Palifermin After Haploidentical PBSCT (KGF Haplo Allo)
Primary Purpose
Non-Hodgkin's Lymphoma or Hodgkin's Disease, Acute Leukaemia, Myelodysplastic Syndrome
Status
Withdrawn
Phase
Phase 2
Locations
Germany
Study Type
Interventional
Intervention
Palifermin
Placebo
Sponsored by
About this trial
This is an interventional treatment trial for Non-Hodgkin's Lymphoma or Hodgkin's Disease focused on measuring Peripheral blood stem cell transplantation, Palifermin, Kepivance, Prevenar, Placebo
Eligibility Criteria
Inclusion Criteria:
Recipient:
- Chemosensitive low/high grade B-NHL or T-NHL, Multiple Myeloma (MM) in partial or complete remission
- ALL and AML, secondary AML and biphenotypic acute leukemia in complete remission (CR1 or CR2) or PR (only if ≤20% blasts in BM), Myelodysplastic syndrome (MDS)
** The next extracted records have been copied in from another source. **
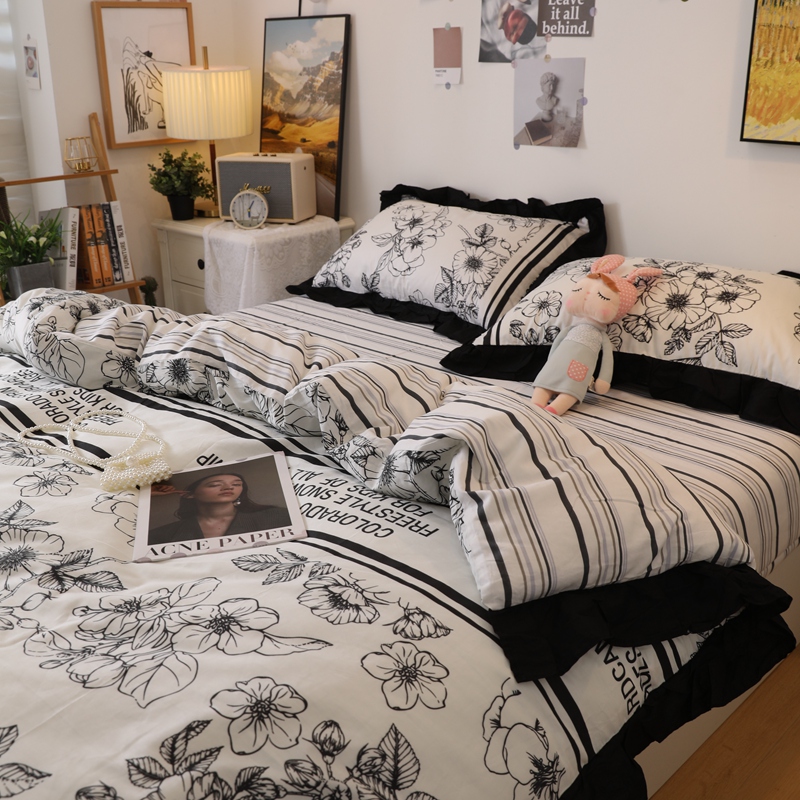 花边款美式田园花卉三件套小清新床上四件套全棉纯棉被套1.8米1.5
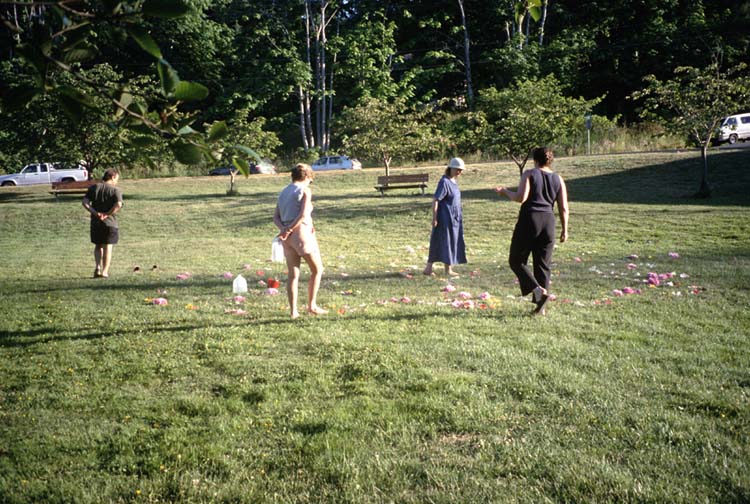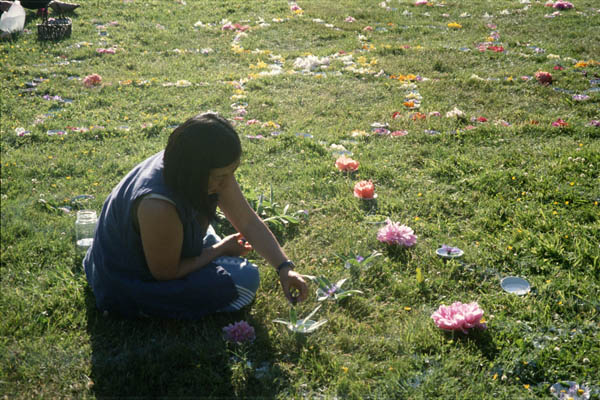 made by the community of Saltspring Island. Everyone brought or were given flowers. Everyone filled their own bowls and added them to the circle 600 bowls, dozens of people, and thousands of flowers a day of sunshine, welcoming the summer The idea for a flower circle was given to me by my friend and colleague c.j.fleury, who has created flower petal mandalas with her community in Wakefield, Quebec and in Ottawa, Ontario. Her recipe for a community flower petal mandala can be found in the Ontario Arts Council's Community Arts Workbook. cj was the first person I met who knew about the rich world of Kolam and Rangoli in India, Infiorata in Italy, and alfombras de floras in Guatemala. Since then I have researched flower traditions all over the world, and continue to discover more. If you are interested, try looking at the human flower project, a site filled with floral customs around the world. |
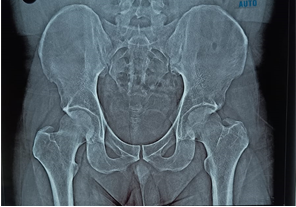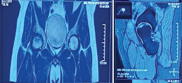 A 32-years-old male patient presented after a fall from height in January 2024, and sustained a flank injury and a left distal radius comminuted fracture. He had diffuse pain at the groin and hip; however, subsequently, after a month, pain localized to the right hip, which gradually worsened, limiting his walking distance not more than a few hundred yards. He has no fever episodes or systemic constitutional symptoms. On clinical examination, he had an antalgic gait and a positive Trendelenburg test on the right side. There was no localized tenderness over the hip joint. The range of movements of the hip was preserved, but with pain during deep rotations. The right leg appeared relatively longer (apparent length). No signs of femoro-acetabular impingement. Harris Hip Score was 36, reflecting severe functional limitation.
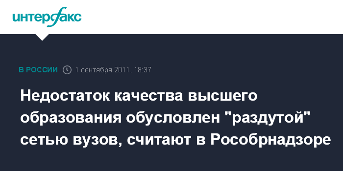 Нижний Новгород. 1 сентября. INTERFAX.RU - Руководитель Федеральной службы по надзору в сфере образования и науки (Рособрнадзор) Любовь Глебова обращает внимание на "раздутую" сеть высших учебных заведений в России.
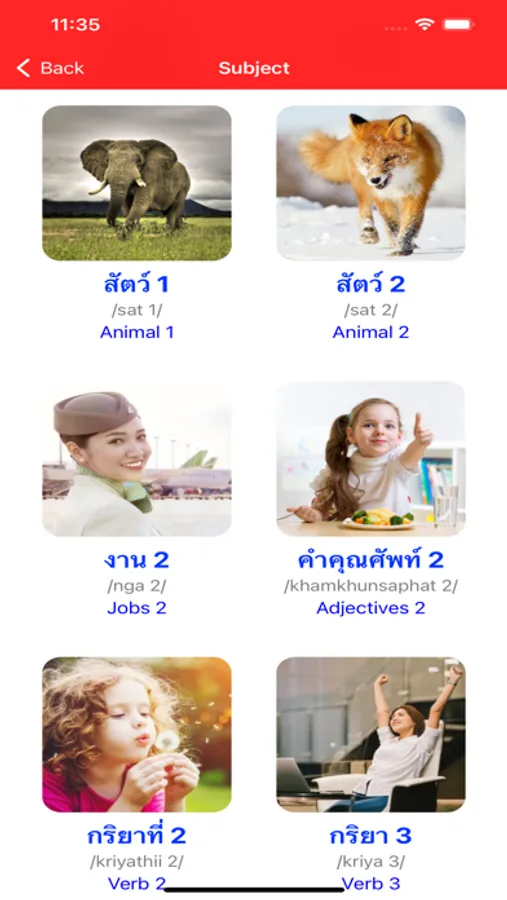 * Animals: includes 90 animals with real pictures of them. Your you very love animals so it help you impression and want to learn Thai.
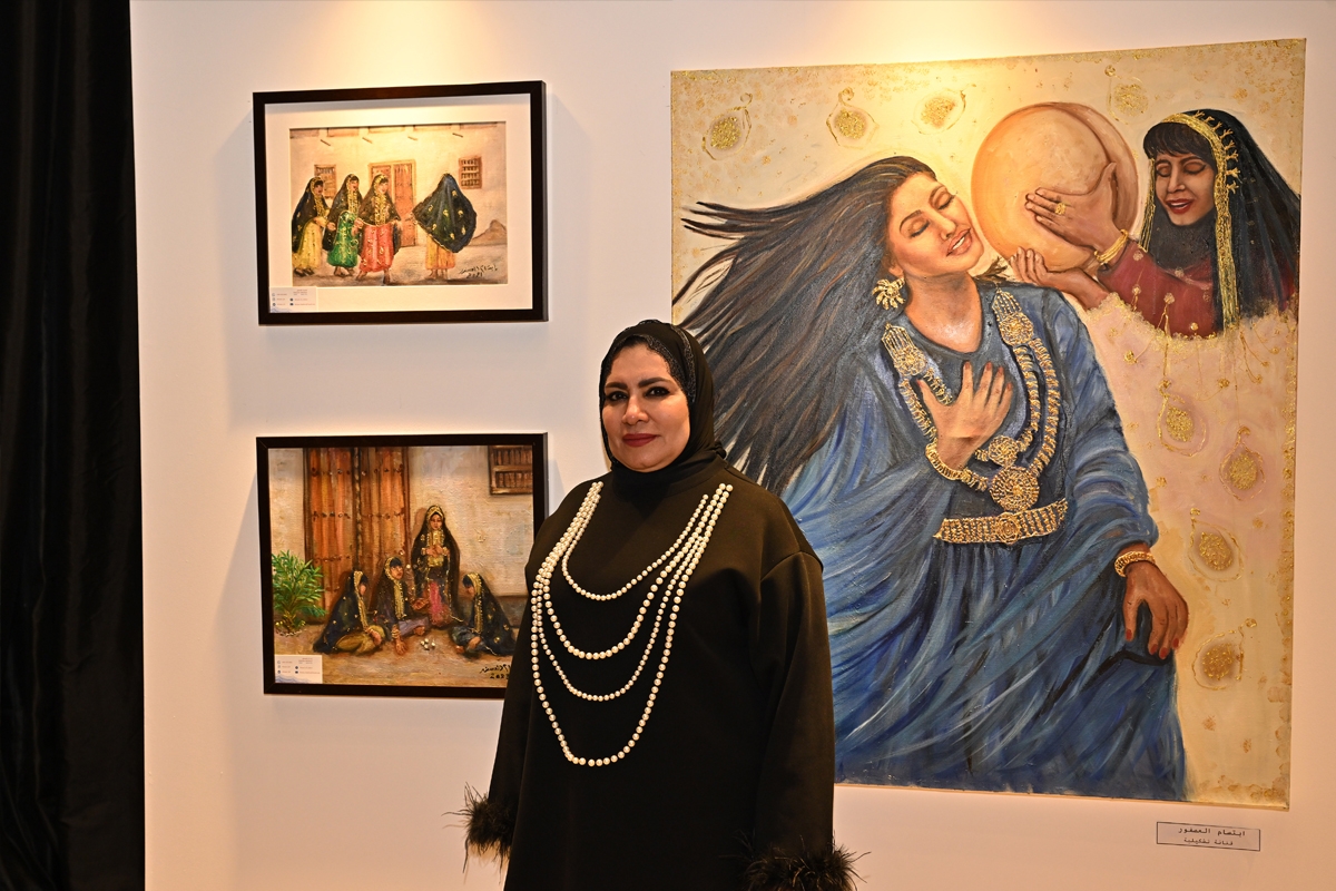 وحول مشاركتها في المعرض، قالت الفنانة العصفور: «أشارك بمناسبة الكويت عاصمة الثقافة العربية في 2025، من خلال 3 لوحات فنية تعبِّر عن المرأة والألوان والأزياء والجمال، في مشاهد تعكس التراث الكويتي، الذي أهتم به بشكل خاص، لذلك قدَّمت لوحات تراثية عن أزياء المرأة الكويتية قديماً مع الإكسسوارات الزاهية المصنوعة من الذهب، حيث تضم إحدى اللوحات فتاة ترقص السامري وهي تستمع لأنغام الطقاقة، وترتدي عقداً ذهبياً وحزاماً ذهبياً، وغيرها من الصور التي تعكس المرأة وأزياءها بالتراث الكويتي».
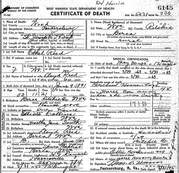 Born: Aug- 5-1883 in Ritchie Co, WV 1 (see note 1) Resided: 1945 near Berea, Ritchie Co, WV 2 Census: 1930 in Union District, Ritchie Co, WV Father: Edward J. Reed (1844 - 1925) Mother: Mary Elizabeth Fridley (1853 - 1923) Other spouse 2Wife: Ethel Collins Married: Aug-16-1913 in Ritchie Co, WV 3 Born: Jun- 9-1891 in Berea, Ritchie Co, WV 4,5 Died: May-30-1945 in Parkersburg, Wood Co, WV 4,5 Buried: in Spruce Creek Baptist Church Cemetery (Co Rd 34), Auburn, Ritchie Co, WV 4,6 Cause of death: horse riding accident (runaway horse on buggy she was driving) 4 Resided: near Berea, Ritchie Co, WV 4 Census: 1930 in Union District, Ritchie Co, WV Father: Elliott Collins (1866 - 1948) Mother: Martha Jane Smith (1868 - 1937)
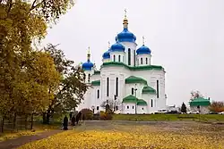 The Troieshchyna Cathedral is one of the largest Ukrainian Orthodox churches in Kyiv. It was built on the outskirts of Kyiv, in the former village of Troieshchyna, between 1991 and 1997. The penticupolar church is dedicated to the Holy Trinity. A huge bell tower stands nearby. The style is that of a traditional Ukrainian Baroque cathedral.

- CML in chronic or accelerated phase
- Osteomyelofibrosis (OMF)
- Hodgkin lymphoma (HD) in partial or complete remission
- Age ≥18 years, ≤ 65 years
- ECOG status ≤2
- Prior treatment with 3 or less different chemotherapy regimens (not cycles); prior local radiotherapy is allowed except radiation involving the thymus
- Adequate pulmonary function
- Left ventricular ejection fraction (LVEF) >30%
- Haploidentical related donor
- Failure to find matched related or matched unrelated donor and urgently requiring transplantation
- Planned conditioning regimen per Aversa or Würzburg protocol
- Women must be post-menopausal, sterile or use effective contraception and have a negative pregnancy test at study entry (β-HCG neg)
- Signed informed consent
Donor:
- Healthy family member
- Selection based on typing of HLA-A, B, C, DR loci. Donor must be at least genotypically HLA-A, B, C, DR haploidentical to the patient, but must differ for 2-3 HLA allele(s) on the unshared haplotype
- Donors must be capable of undergoing leukapheresis, have adequate venous access, and be willing to undergo insertion of a central venous catheter should leukapheresis via peripheral vein be inadequate.
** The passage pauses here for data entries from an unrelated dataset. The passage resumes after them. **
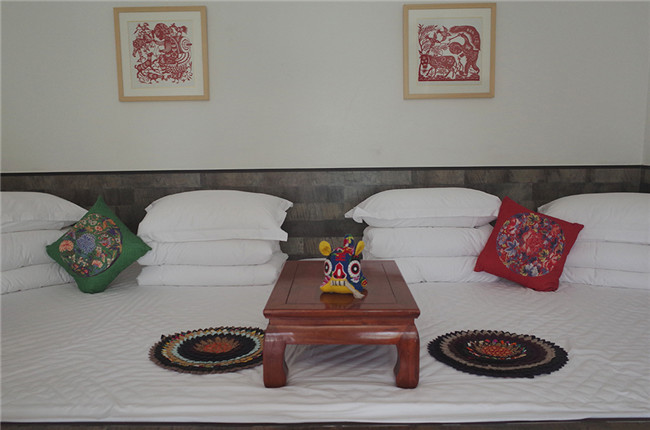 “大到喝茶的桌椅,小到墻上的剪紙,都是找專(zhuān)門(mén)手藝人做的。”小雅指著“炕”上的花坐墊說(shuō),這也是拿小孩不穿的布帛縫起來(lái)的,展現(xiàn)陜北特色的“百家衣”風(fēng)格。陜北炕比較冰冷,她們就用木頭把炕包起來(lái),再鋪上軟墊。
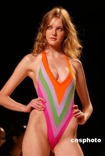 圖為模特在展示新款泳裝。
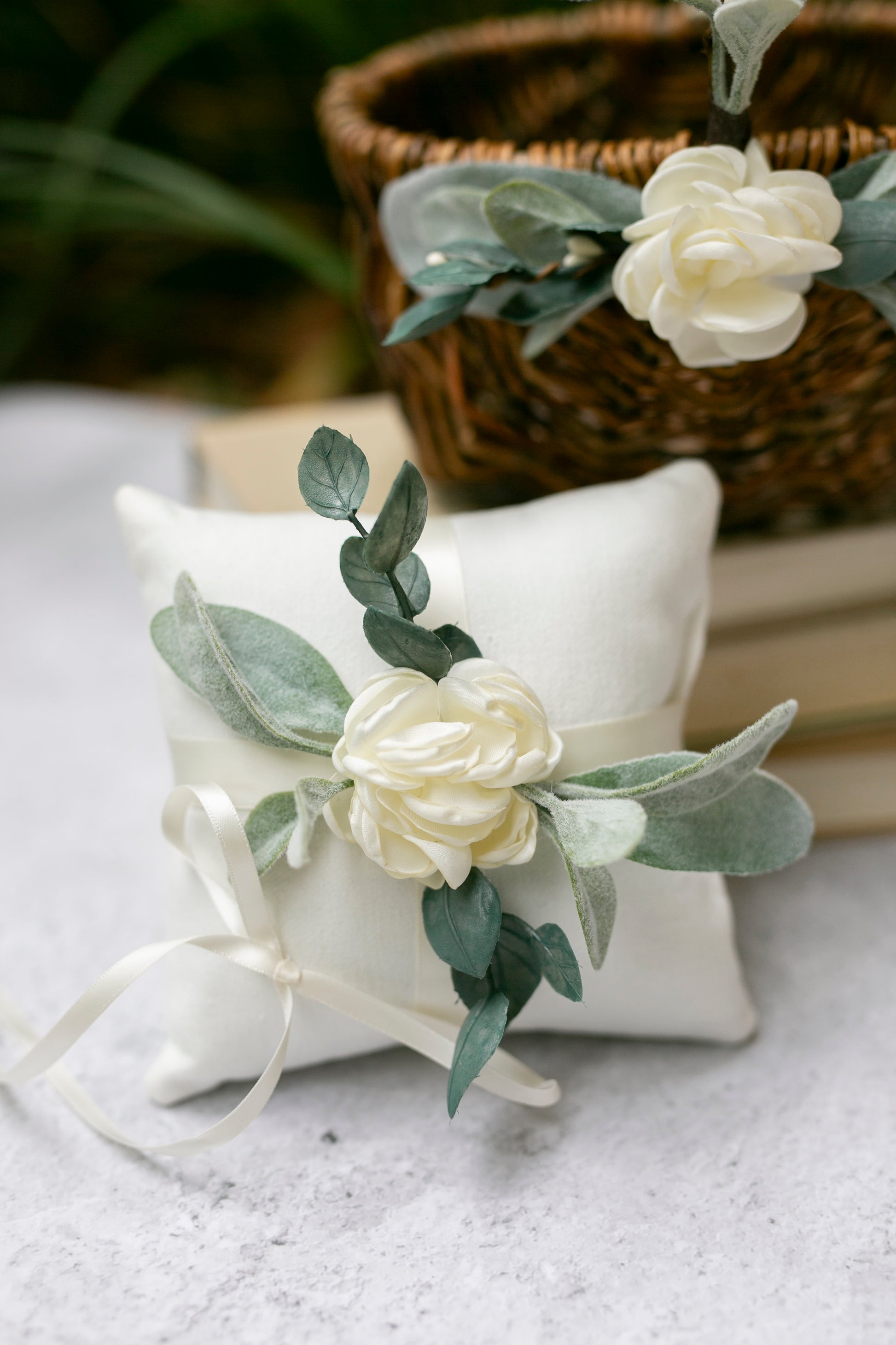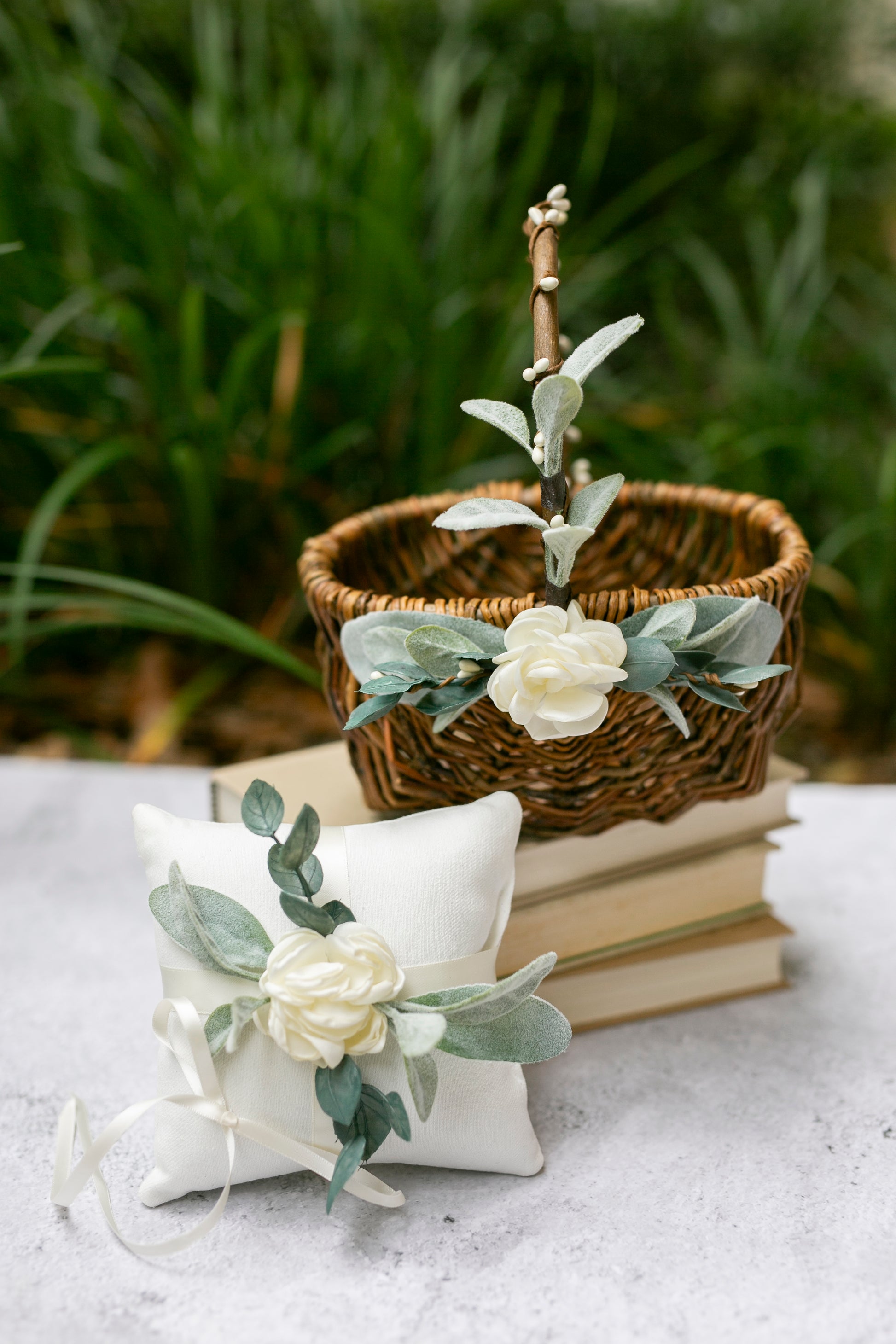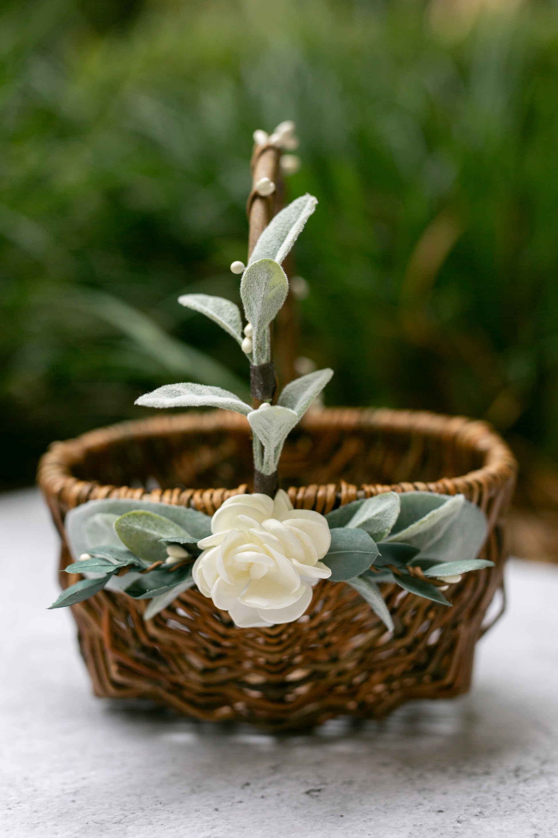 Grace features romantic greenery & soft ivory accents that easily pair with your wedding floral arrangements. Easy to carry & perfectly sized for flower girls of all ages.

- Donors must agree to a 2nd donation of PBPCs in case of insufficient CD34+ cell collection or should patient fail to demonstrate sustained engraftment
- Signed informed consent
Exclusion Criteria:
Recipient:
- History of or concurrent cancer (< 5 years ago) other than those named in inclusion criteria
- Primary chemorefractory disease
- CML in blast crisis
- MM with no or minor response to previous treatment
- Prior treatment with palifermin, or other keratinocyte growth factors
- Documented hypersensitivity to palifermin, E. coli-derived proteins, or any component of the product
- Documented hypersensitivity to Prevenar vaccine or its components
- Prior allogeneic or tandem PBPC transplantation (no more than 1 previous autologous transplantation
- Prior total body irradiation
- Post thymectomy
- Major anticipated illness or organ failure incompatible with survival from PBPC transplantation
- Active chronic skin disease requiring therapy
- Active inflammatory bowel disease requiring therapy
- Active uncontrolled infection
- Sero-positive HIV
- Pregnancy or breast-feeding
- Active invasive fungal tissue infection (EORTC criteria)
- 30 days or less since receiving an investigational product or device in another clinical trial
- Concurrent enrolment in another trial is not permitted unless the purpose is for long-term follow-up/survival data only, or observational only
- Chronic pancreatitis or history of acute pancreatitis within 1 year prior to transplant
- Psychiatric disorder associated with incompliance
- Myocardial infarction less than 3 months pre enrolment or EF <30% as measured in echocardiography/laevoventriculography
- Infusion of retrovirally or other transduced cells are not permitted.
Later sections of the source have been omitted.